Accullm __full__ May 2026

But there is a ghost in the machine:

When your chatbot hallucinates a date, that's amusing. When your quantized SQL generator drops a foreign key constraint, that's a catastrophe. AccuLLM is the quiet, nerdy hero ensuring that as we make AI smaller and faster, we don't make it stupider. accullm

Ask a standard quantized LLM to calculate 523 * 19 or to cite the 7th word of the 4th sentence of a provided contract. It often fails—not because it isn’t smart, but because it was sacrificed on the altar of efficiency.

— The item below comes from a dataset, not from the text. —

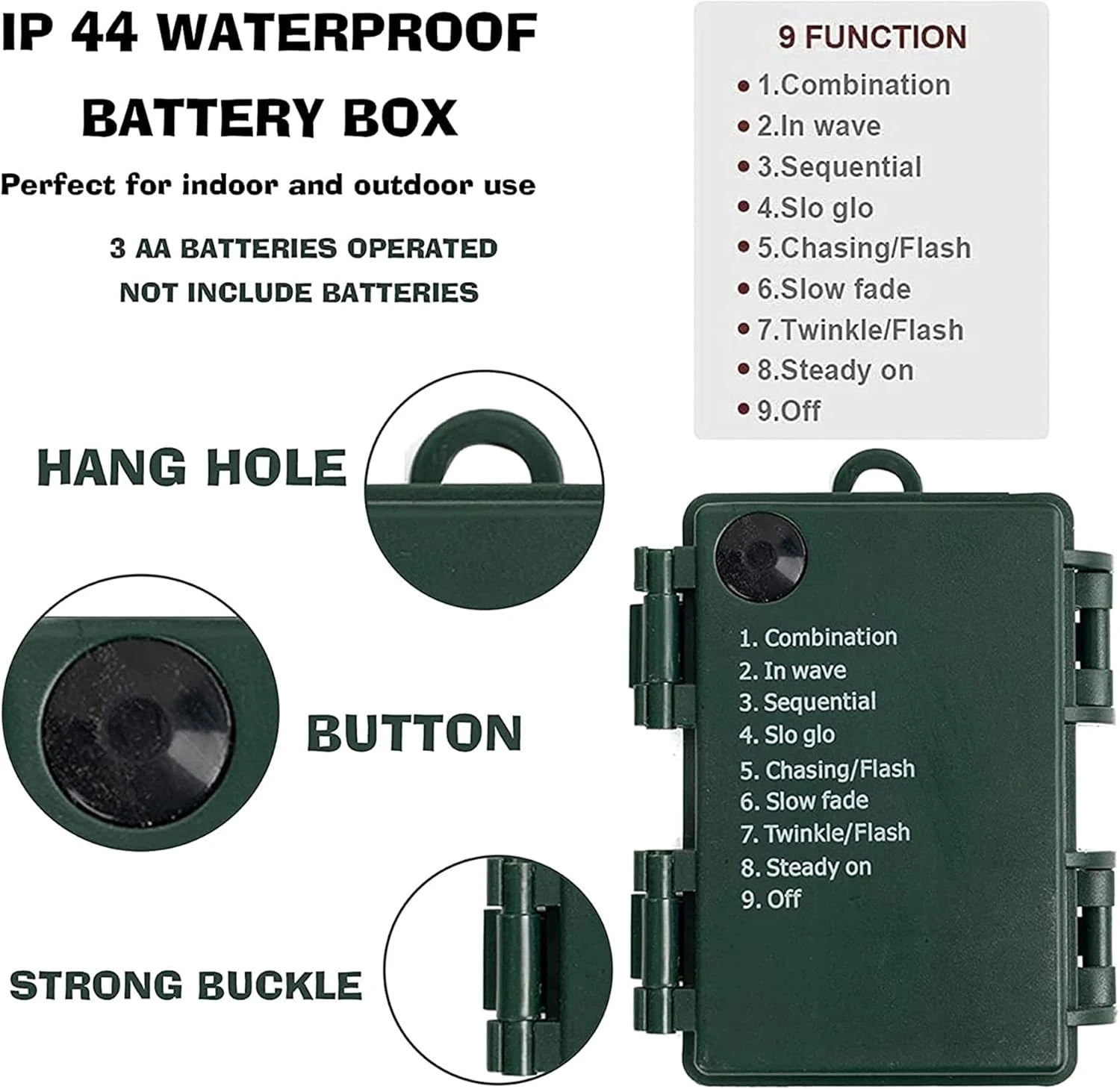 - Waterproof & Easy to Use: Both the Christmas string lights and battery box are IP44 waterproof level. Suitable for outdoor and indoor use withstand rain and snow. No plug in, the soft wire allow you to wrap the lights in everywhere you want, such as tree, wall, porch, patio, balcony and so on.
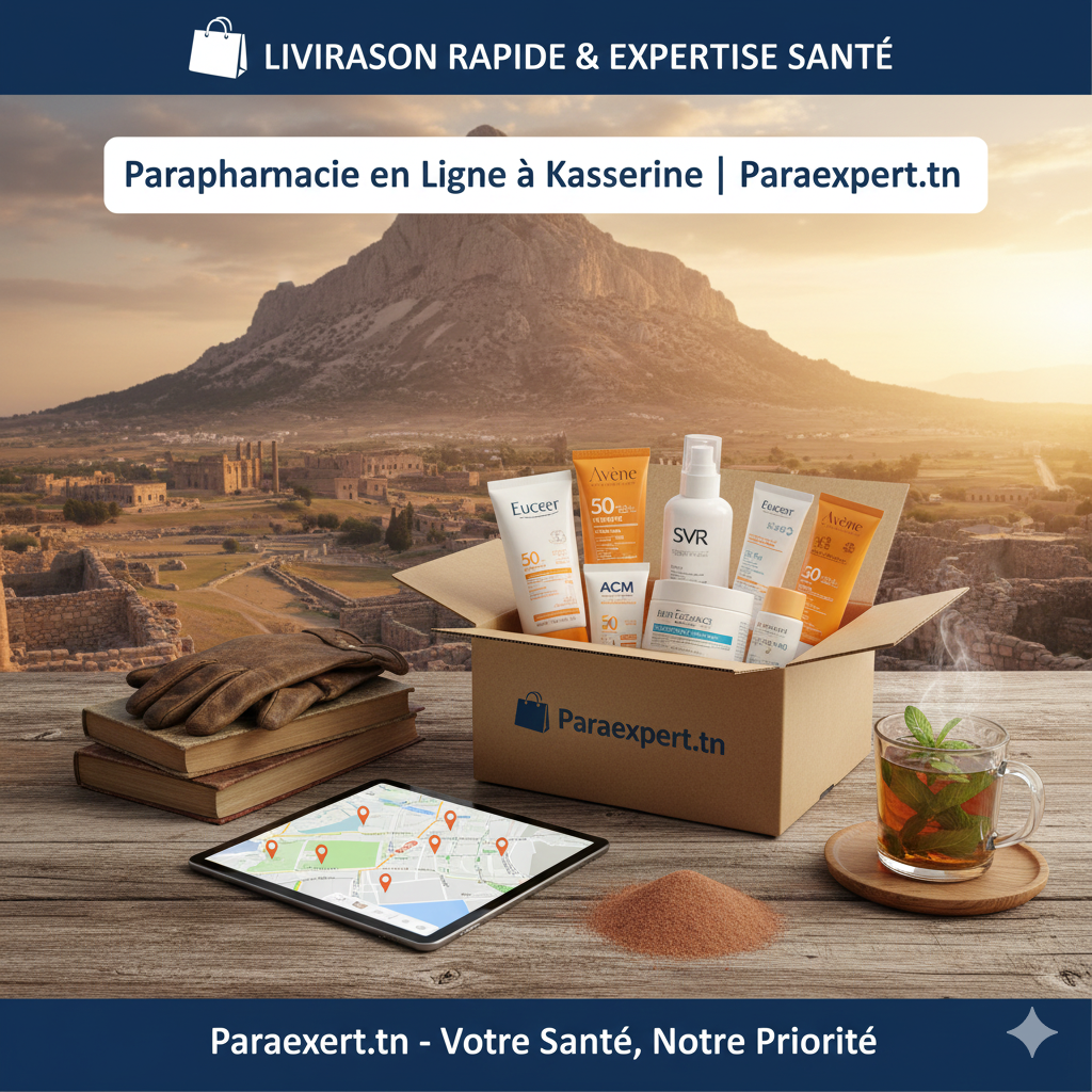 À Kasserine, la majesté du Mont Chaambi s’accompagne d’un climat continental rigoureux : des hivers marqués par un froid vif et des étés secs et ventés. Ces conditions extrêmes exigent une attention particulière pour protéger votre peau du dessèchement et renforcer votre immunité. Trouver une parapharmacie en ligne à Kasserine de confiance est essentiel pour accéder aux meilleurs soins dermo-cosmétiques sans avoir à vous déplacer.

This is where enters the arena. The Core Problem: The Leaky Bucket of Precision Most LLMs run on floating-point math (FP16 or BF16). To make them faster, engineers use quantization (INT8, INT4, or even INT2). This is like listening to an MP3 instead of a vinyl record—99% of the time it sounds fine, but that 1%—the high-frequency data, the exact integer logic, the specific retrieval—becomes "lossy." But there is a ghost in the machine:

Consider a scenario: You ask a model to retrieve "Clause 4.2" from a 500-page document. A standard 4-bit model might misread the positional embedding due to quantization noise and return Clause 4.1. An AccuLLM-optimized model, preserving those outlier attention scores, gets it right every time. Ask a standard quantized LLM to calculate 523

Research (from papers like LLM.int8() and SmoothQuant ) shows that 99.9% of an LLM’s weights can be compressed to 4-bit without issue. However, 0.1% of "outlier features" (usually in the early and late layers) require full 16-bit precision. AccuLLM identifies these neurons and leaves them untouched. Imagine a calculator that does most math on an abacus, but automatically switches to a supercomputer for multiplication.